А когда она слегка повернулась, я чуть не разбилась на тачке, при нуле на спидометре. Её профиль рисовал невероятную моему взору картину. И в иной интерпретации эта картина имеет две линии и только три объяснения: она либо бурундук либо лейтенант. Либо её диагноз вовсе не суицидальные наклонности и даже не хроническое слабоумие, на фоне прежнего воздействия гидроперида. Её диагноз рисует две полоски на тесте.

Я мгновенно припомнила реплику белобрысой суки, в уборной клуба.

«…И когда он ко мне вернётся, только вопрос времени.»

Моя голова нещадно заболела. Мне было больно.

«У меня низкий процент совместимости…»

Низкий, ещё не значит, что его нет. Вступление реквиема, росло и развивалось в эпицентр боли и отчаяния. Меня кружило, мотало в тёмном пространстве, мне было темно в маленьком пространстве салона машины. Мне было тесно в этом океане льда, мой ад вышел из под контроля. Пожар поглотил мой разум. Шум разлагает моё сознание, разлагает, и шепчет мне что так оно и было. Мне кажется я могу видеть его тень за своей спиной, мне кажется я чувствую его холодное дыхание на своей шее.

Всё чаще в последнее время…

Заведя двигатель я уехала прежде, чем от вышел из кофейни. Я понятия не имела куда еду, в желании раствориться и стать невидимкой. Я просто сделала музыку громче. Hopeless, Breaking Benjamin, кровавыми молотками стучала по моим вискам, кажется они раздробят мне череп изнутри. Шелест пепельной вьюгой переплетаясь в жестоком гранже, заметал в чёрном пожаре в моём нездоровье, ясность.

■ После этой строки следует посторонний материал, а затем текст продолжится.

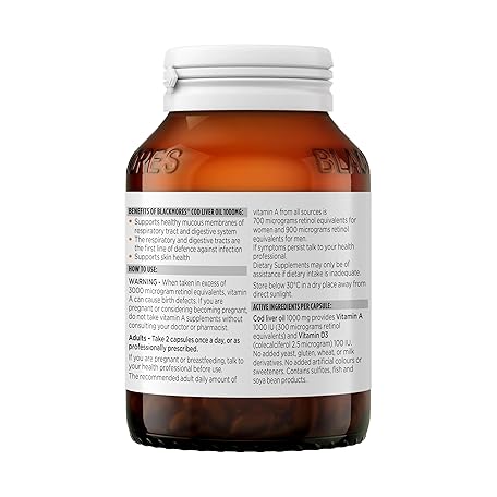 Thông tin sản phẩm Blackmores Cod Liver Oil 1000 mg 80 Capsules, Vitamin A + Vitamin D + Omega-3, Made in Australia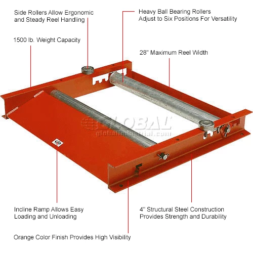 Simple one man operation saves time and effort. The most efficient method for winding or dispensing wire, cable, rope, hose and chain. Accommodates all reel diameters. Rear roller adjusts to six positions. Incline ramp permits easy loading and unloading. Constructed of 4″ structural steel with heavy ball bearing rollers. Side rollers permit easier, steadier reel handling. 1500 lb. capacity, maximum reel width 28″. 31-1/2″W x 28″D overall.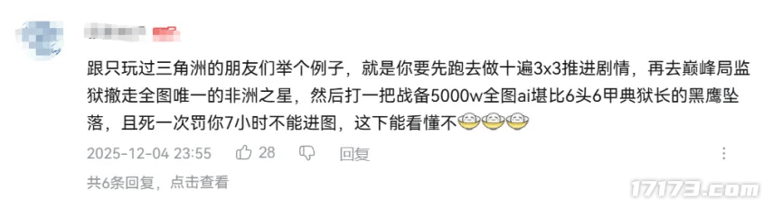 这个通关难度可以说是非常高,玩家不仅要高强度做完大量的主线支线任务,获得各种随机道具,还要面对全程锁头的AI,和各路PVP玩家的狙击,三角洲的3*3在他面前都只能算个萝莉。
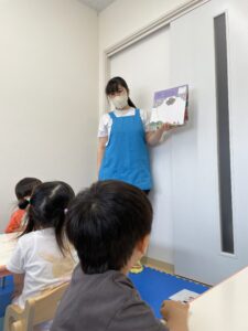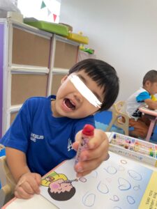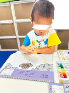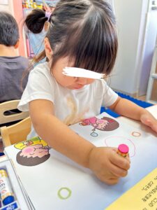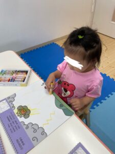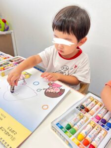 「せんせ!赤だよ〜🖍️」いろんな色の名前も覚えてきましたね☺️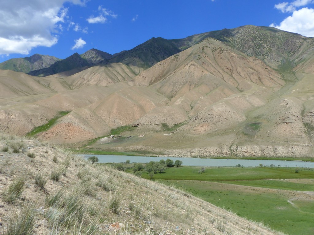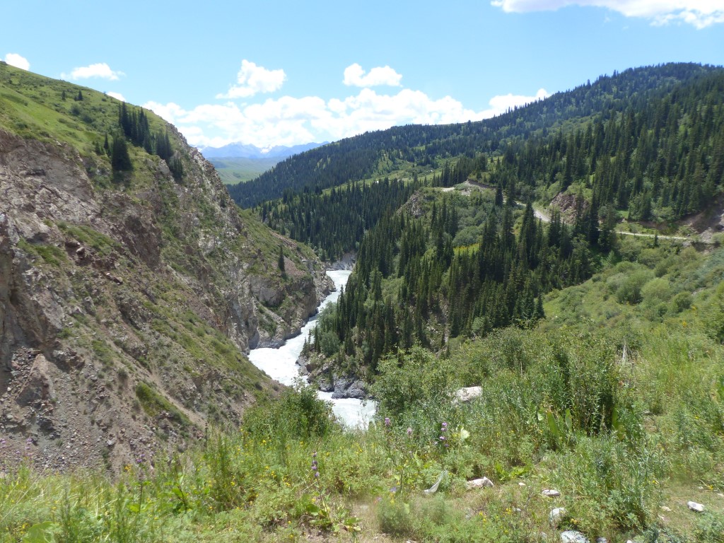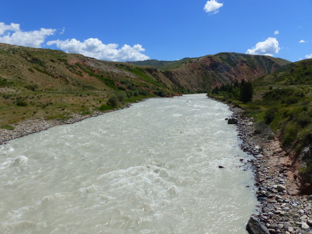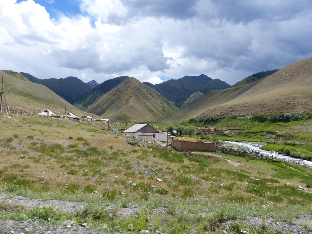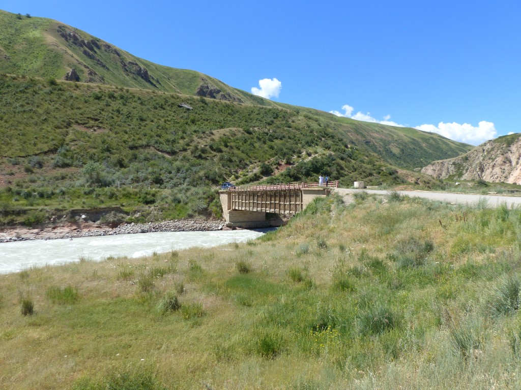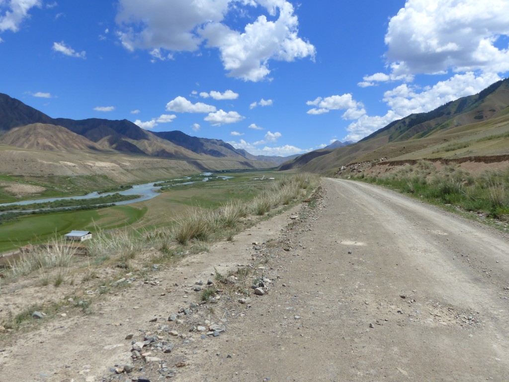 Mais je m’égare, on passe donc ce magnifique pont de l’ère pré-soviétique, et on s’engage dans une piste qui s’élève en longeant une rivière. Comme toute les rivières kirghize, elle est d’une magnifique couleur d’un turquoise laiteux (c’est la description la plus proche que j’aie trouvée…). On passe le village de « petite Naryn », au milieu des champs de trèfle et de colza. Oulan nous explique plus tard que le gouvernement envisage de noyer cette vallée en construisant un barrage, ce qui permettrait au pays de diviser par 2 sa consommation de charbon (et un autre barrage est aussi prévu dans une autre vallée pour la stopper totalement).

Пеплом заметал.

   «БЕЗНАДЕЖНЫЙ!

   Я падаю вниз…

   Грязный…

   Я не могу проснуться!

   Я не могу держаться!

   Я не отпущу!

   Ничего не стоит,

   Теперь все кончено…

   Виновен!

   Там нет выхода,

   Я не могу держаться!

   Я не отпущу…»

Хотела ли я отмотать назад и не видеть этого, слепо следовать за ним неведомо куда. Куда? Вот куда это заведёт нас? Я не хотела туда, куда ведет эта тропа, я хотела всё назад. Как долго он собирался скрывать это от меня?

«Ту со на пхэндян лакэ, со лэса ла палором?»

Я ударила по тормозам, резче, чем до меня дошло наконец.

Палором ― значит замуж.

«Ты что не сказал ей, что позовёшь её замуж?» ― вот как это переводится с ромна.

«― Если ты разобьёшь сердце этой девчонке, пшал, я вырву твоё.»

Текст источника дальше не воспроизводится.